The Efficiency of List and Vector Operations

The cost of 1280 push_back() operations:

• Initial buffer size is 10
• Each reallocation doubles the size
• A single insertion costs T₁
  • So, we'll pay 1280 xT₁ for the insertions
• Reallocating a vector with k elements costs k T₂
• Cost for all the reallocations: 10T2 + 20T2 + 40T2 + ... + 1280T2 = (1+2+4+...+128) x 10 x T2 = 255 x 10 x T2 < 256 x 10 x T2 = 1280 x 2 x T2

The Efficiency of List and Vector Operations

• So, the total cost is a bit less than 1280 x (T1 + 2 T2)
• More generally, the cost of n push_backs is less than

   n x (T1 + 2 T2) 

• T₁ + 2 T₂ is a constant, so
• n push_backs is O(n)
• The average cost of a single push_back does not increase
• A particular push_back might be noticed
• We write O(1)+ or O(1^*), for amortized analysis

The Efficiency of List and Vector Operations

Table 1 Execution Times for Container Operations

Operation	Vector	Linked List
Add/remove element at end	O(1)+	O(1)♦
Add/remove element in the middle	O(n)	O(1)
Get kth element	O(1)	O(k)

^♦ If a pointer to the last element is maintained

Queues and Stacks

• Special data types, allow insertion and removal of items at the ends only

Queue

• FIFO – First in, first out
• Items inserted at the back, removed from the front
• To visualize a queue, consider people lining up in a store

Queues and Stacks

STL queue

• The STL has a queue template class
• To insert and remove, use push() and pop() #include <queue>; using namespace std; queue<string> q; q.push("Tom"); q.push("Dick"); q.push("Harry"); while (q.size() > 0) { cout << q.front() << "\n"; q.pop(); }
• front() doesn't modify the queue

Queues and Stacks

Stacks

• LIFO – Last in, first out
• Items inserted and removed at one end, the top
• Items removed in reverse order of insertion
• Many uses in computers:
  • Call stack
  • Undo/redo stacks in your word processor
  • Operator and operand stacks in your (infix) calculator

Queues and Stacks

STL stack

• The STL has a stack template class
• To insert and remove, use push() and pop() #include <stack>; using namespace std; stack<string> s; s.push("Tom"); s.push("Dick"); s.push("Harry"); while (s.size() > 0) { cout << s.top() << "\n"; s.pop(); }
• top() doesn't modify the stack

Stacks and Queues – fifolifo.cpp

Compares and contrasts the 2 containers

Stacks and Queues

Reverse Polish Notation (RPN) (postfix) calculator

• Operands are written before the operators
• 3 + 4 * 7 becomes 3 4 7 * +
• Postfix expressions are easy to evaluate
  • Numbers are pushed onto a stack
  • When a (binary) operator is encountered, 2 numbers are popped, operation is performed, result is pushed back on the stack
  • At end of expression, result is at the top of the stack
• "Commands": p (to print), and q (to quit)
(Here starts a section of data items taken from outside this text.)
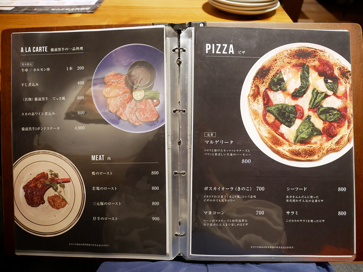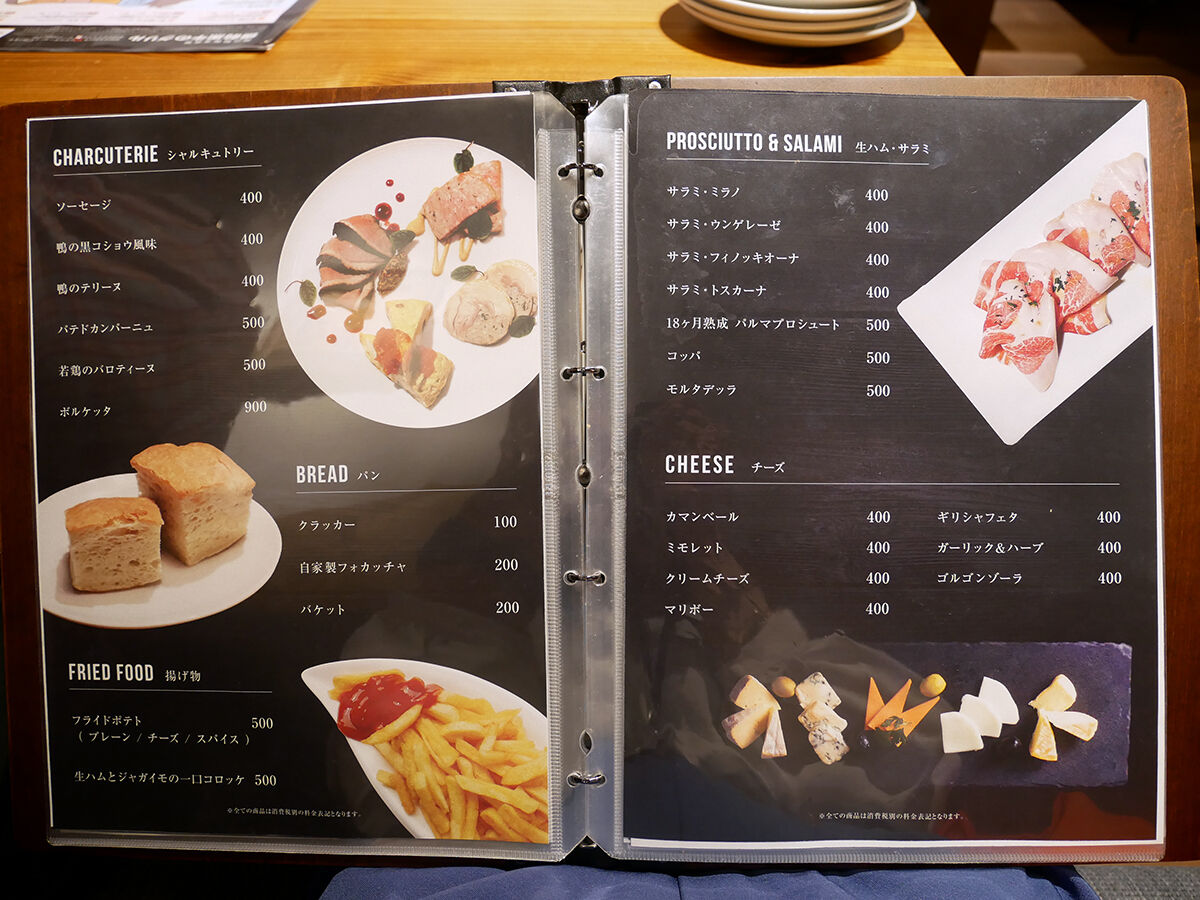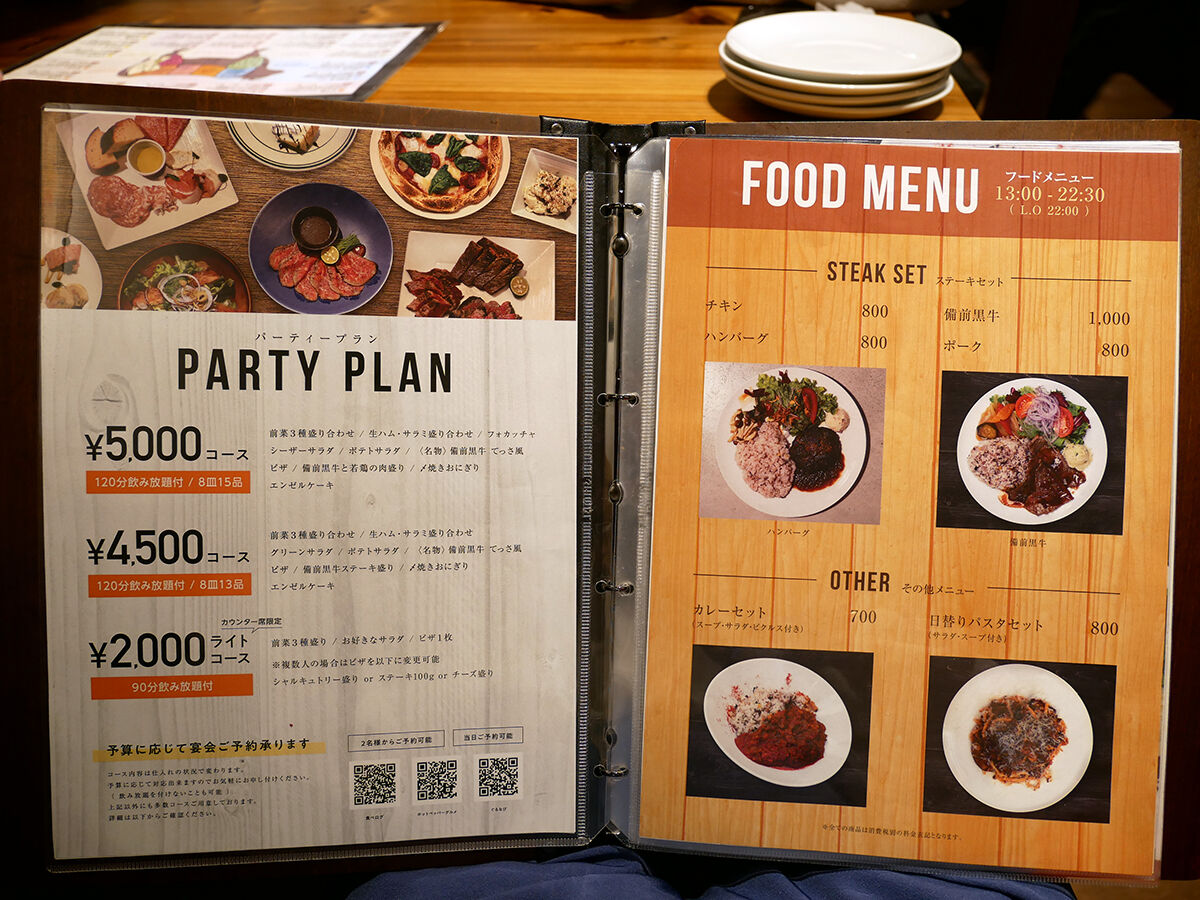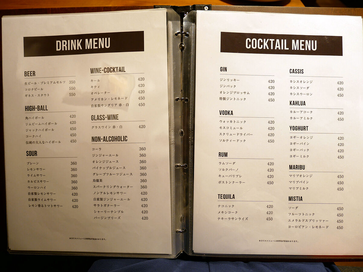 メニューは手元ブックにて。各種肉料理をメインに、前菜、サラダ、肉つまみ、ピザ、パスタ…などなどソソるラインナップ。合わせるお酒も定番に加え、ワインやカクテルが充実。(詳細は記事最下部にてどうぞ。以下、価格は税別。)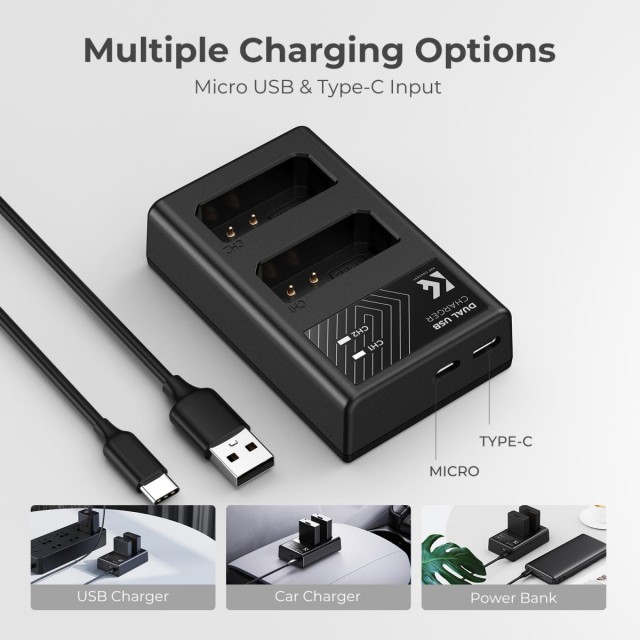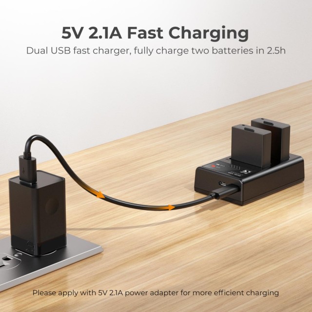 Zwei 1200mAh LP-E10 Ersatzakkus und ein Dual-Slot-Ladegerät sorgen für mehr Energie bei Kameraaufnahmen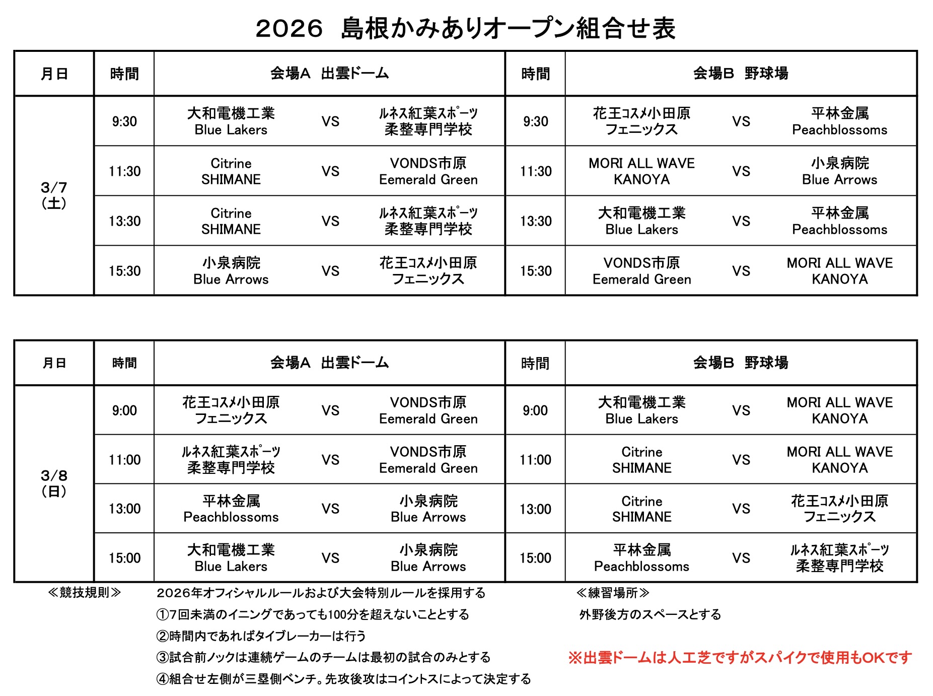 2026年3月7日(土)・8日(日)の2日間、島根県出雲市の出雲ドームにて「第1回島根かみありオープン」が開催されます。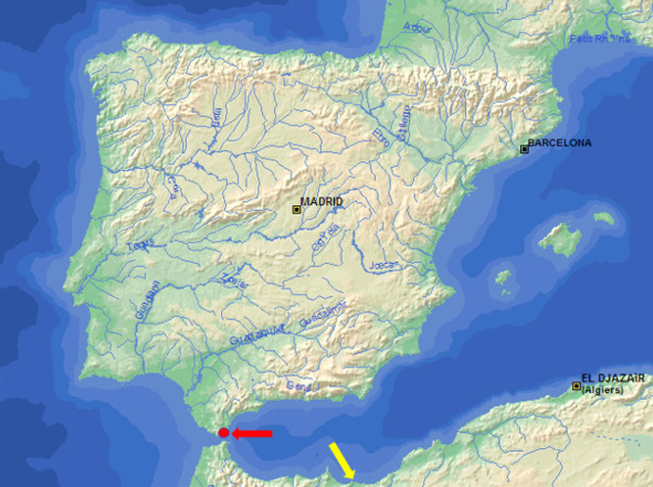 Чафаринские острова (желтая стрелка), Гибралтар (красная стрелка)
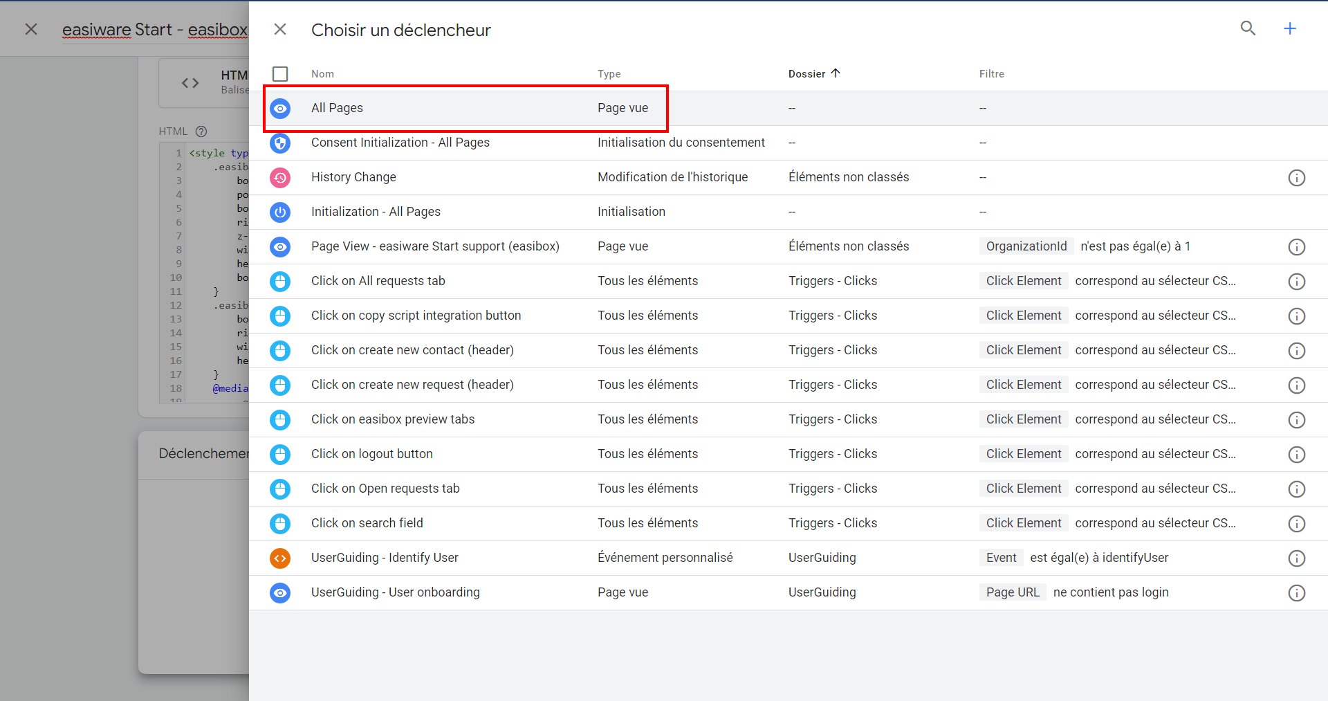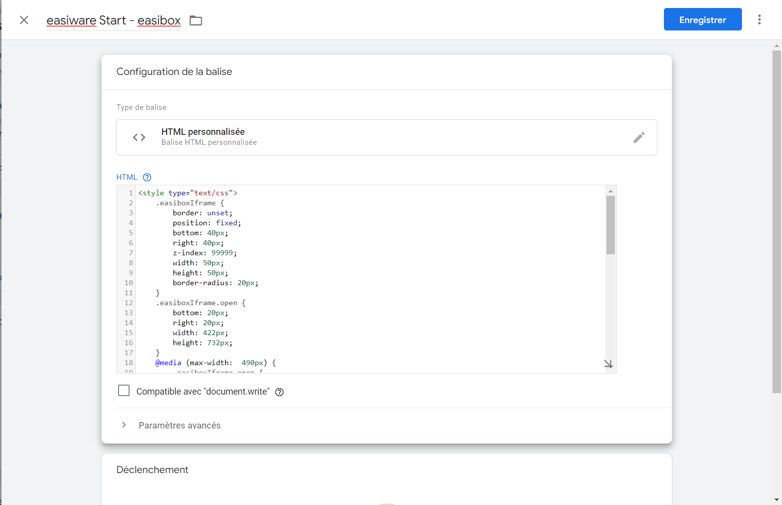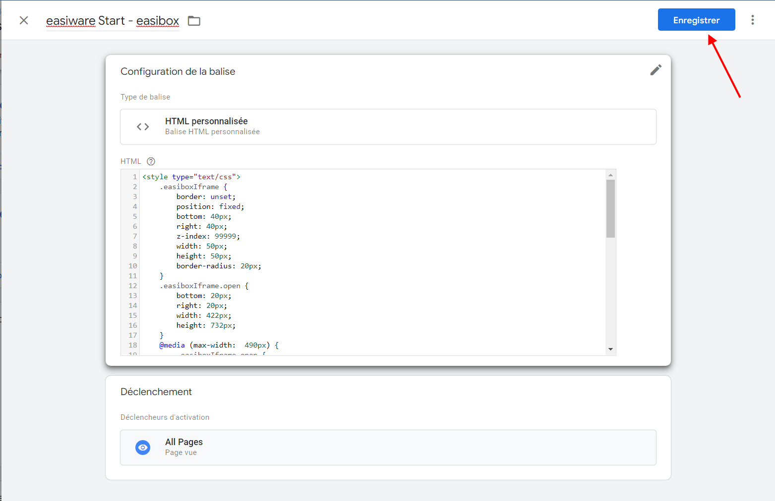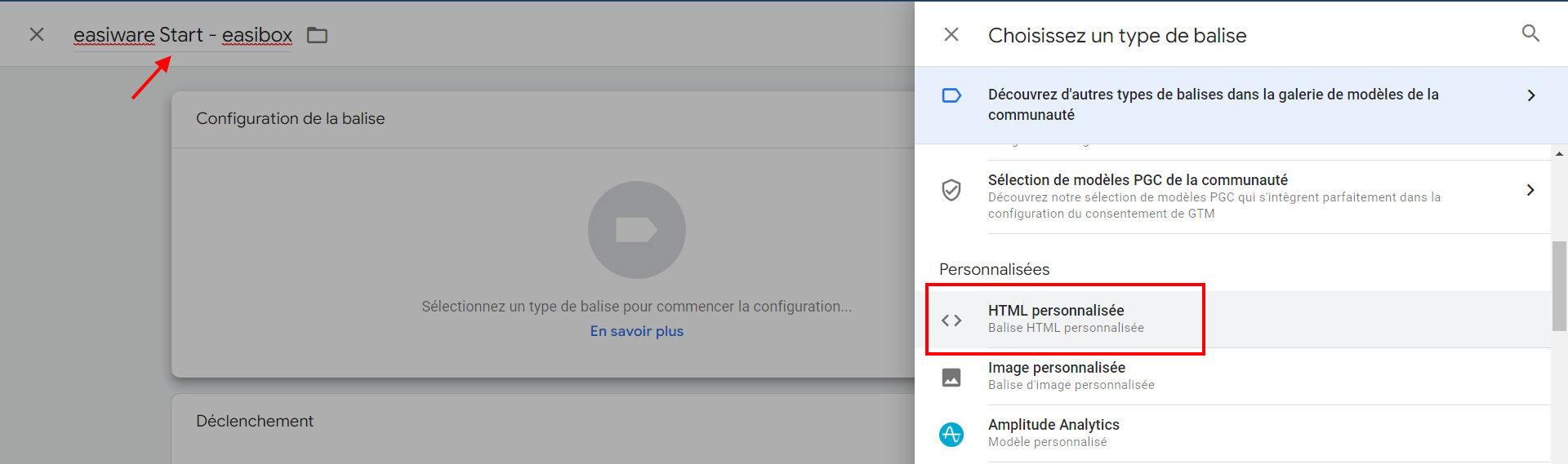 Afin de pouvoir déployer le script d’intégration de votre easibox via GTM, suivez les étapes suivantes: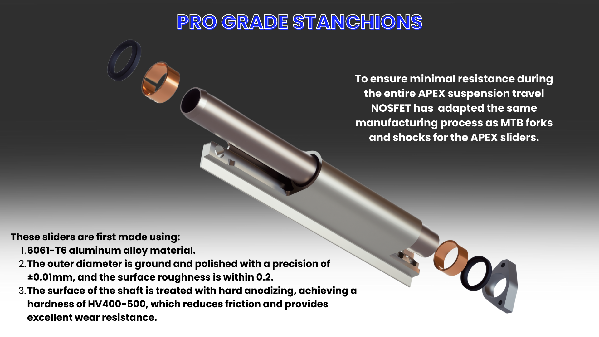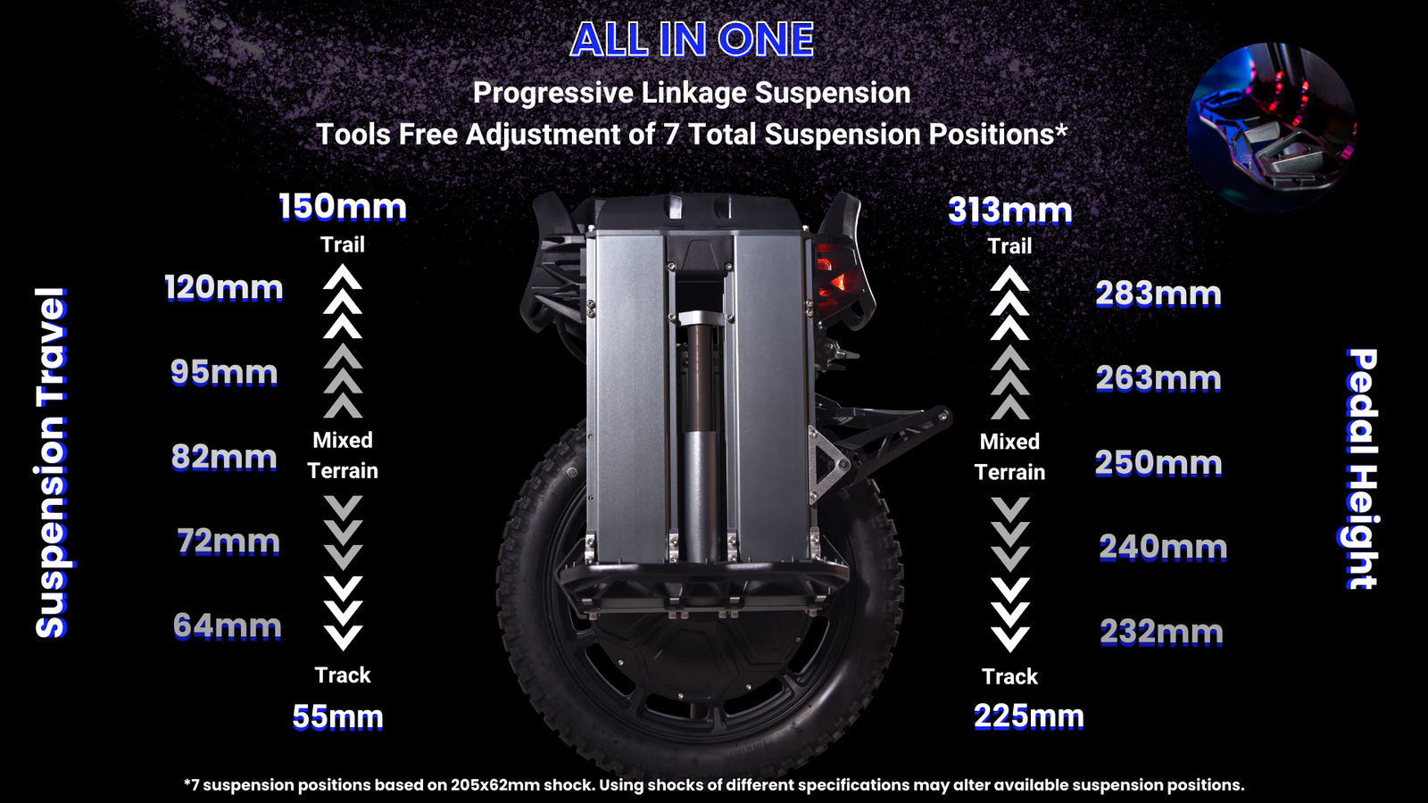 - Suspension: Fully adjustable DNM suspension (TRU 8RC or RCP 2S). Coil option available.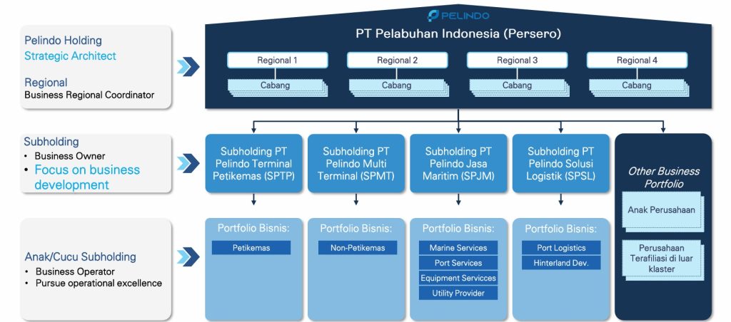 Pasca mergernya Pelindo I-IV pada tahun 2021 menjadi Pelindo, perusahaan melakukan transformasi struktur perusahaan dengan membentuk 4 subholding untuk menjalankan bisnis inti dari Pelindo. Pelindo juga membentu 4 kantor regional yang bertugas sebagai perwakilan Pelindo di 4 wilayah operasi. Kantor regional tidak lagi memiliki direct business exposure pasca pembentukan subholding, dan pencapaian target bisnis dan operasional regional sangat bergantung dengan pencapaian subholding sebagai business owner & operator.
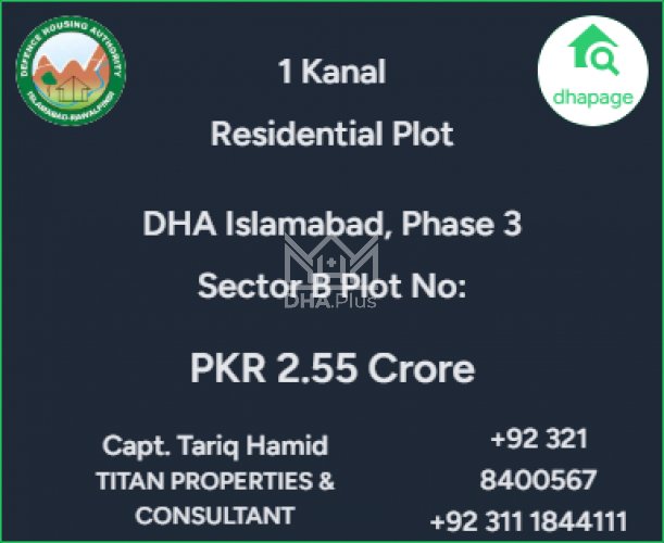 1 Kanal Plot for sale in Sector B, Phase 3, Islamabad - (ID-11287)
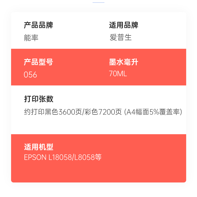 能率适用爱普生L8058墨水056 L18058 L8050 EPSON彩色黑色喷墨打印机墨仓式填充墨汁家用六色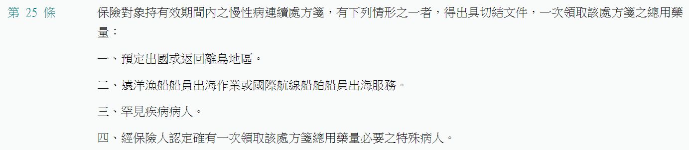 四、經保險人認定確有一次領取該處方箋總用藥量必要之特殊病人。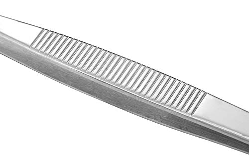 Pinzette dritte in acciaio inox lunghe 20 cm con punte seghettate rotonde per hobby fai da te, pinzette da cucina

Stacks and Queues – calc.cpp

Random Fact

Polish Notation

• Infix notation – the way you've been looking at expressions since you learned to add
  • Ambiguous
  • Rules for precedence and associativity required
  • Parenthesis required to force evaluation

• Prefix notation – operator appears first
  • Eliminates need for parenthesis and precedence rules
  • By Jan Łukasiewicz, in the 1920s
  • Easily evaluated using a recursive algorithm
  • Dubbed Polish Notation

Random Fact (cont.)

Polish Notation

• Postfix notation (or Reverse Polish Notation, RPN) – operator appears last
• Evaluation with a single stack is straightforward:
  • Push operands onto the stack
  • Each operator pops the appropriate # of values from the stack, performs the operation, pushes the result back on the stack
• By Charles Hamblin, in the 1950s

Random Fact (cont.)

Polish Notation

Standard Notation	Łukasiewicz Notation	RPN
3 + 4	+ 3 4	3 4 +
3 + 4 × 5	+ 3 * 4 5	3 4 5 * +
3 × (4 + 5)	* 3 + 4 5	3 4 5 + *
(3 + 4) × 5	* + 3 4 5	3 4 + 5 *
3 + 4 + 5	+ + 3 4 5	3 4 + 5 +

Random Fact (cont.)

Polish Notation

In 1972 Hewlett-Packard introduced the HP35

• World's first scientific calculator
• First calculator to use RPN
  • Still uses RPN
• Had trig and exponential functions, and used scientific notation
• Did not have parenthesis, nor an equal sign
• Pocket calculator finally replaced the slide rule
• Sold for US $395 (roughly equivalent to $1700 in 2005)

RPN users tend to be fanatical proponents of the system.